Episode #450: How to Make Time for What Really Matters Every Day
Productivity expert John Zeratsky lays out his four-step daily framework that has helped him and thousands of other people get more of the really important things done each day. The key takeaway is to establish a daily “highlight.” This is the one thing you want to get done each day that contributes to a bigger vision for your life. Once you establish that highlight, you put it on your calendar and protect that spot from being encroached on by other activities. The other big takeaway I got from this episode is the importance of using tactics to spend less time in your smartphone’s “infinity pools” — apps that offer an ever-replenishing source of content. Things like Twitter and TikTok. Those are time sucks. Avoid them.
Episode #843: 7 Ways to Achieve Tranquility by Tuesday
Laura Vanderkam is a productivity expert who spent a year field-testing a bunch of time management techniques with regular Joes to find out which ones provided the most ROI. We talk about a few of my favorites in this episode, including giving yourself a bedtime, planning one big adventure and one little adventure each week, and creating a “punch list” for tasks.
Episode #825: Tactics and Mindset Shifts for Making the Most of Life
Matthew Dicks wears a lot of hats. Among other things, he’s a storyteller, communications consultant, writer, and schoolteacher. In order to excel in his professional life, as well as do what he loves in his personal life, he’s developed a set of strategies that help him be more creative and productive and can be used by anyone who wants to start making the most of life. This episode is filled with actionable advice that you can start implementing today to get more done, including thinking in minutes and not making a thing, a thing.

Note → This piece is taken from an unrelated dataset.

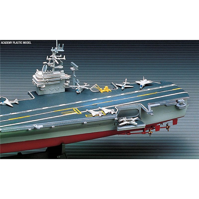 The first Nimitz-class aircraft carrier, the Nimitz CVN-68, was launched in 1975 and led to the production of nine sister vessels. These impressive beauties are 1,000 feet long and displace more than 103,000 tons. The carriers were pivotal in events such as the Libyan raids in the 1980s, the Iraqi invasion of Kuwait, and Operation Enduring Freedom in Afghanistan. This kit with 178 grey plastic parts faithfully recreates the USS Nimitz CVN-68 Aircraft Carrier in 1/800 scale. The fully assembled model is 42.16cm long.

Episode #821: Routines Are Overrated
One way many people try to wrangle their busy schedules and get more done is to establish strict routines for their day. But author Madeline Dore argues that routines are fragile and can actually backfire. Instead of creating routines, she makes the case for going about your days and tasks in “higgledy-piggledy” fashion. Madeline’s advice syncs up with what I’ve naturally settled on when it comes to getting things done. Instead of routines, I just have a checklist of things I’d like to accomplish each day. The routine checklist is flexible. It can shift to fit the changing landscape of each day. And that flexibility results in more consistency.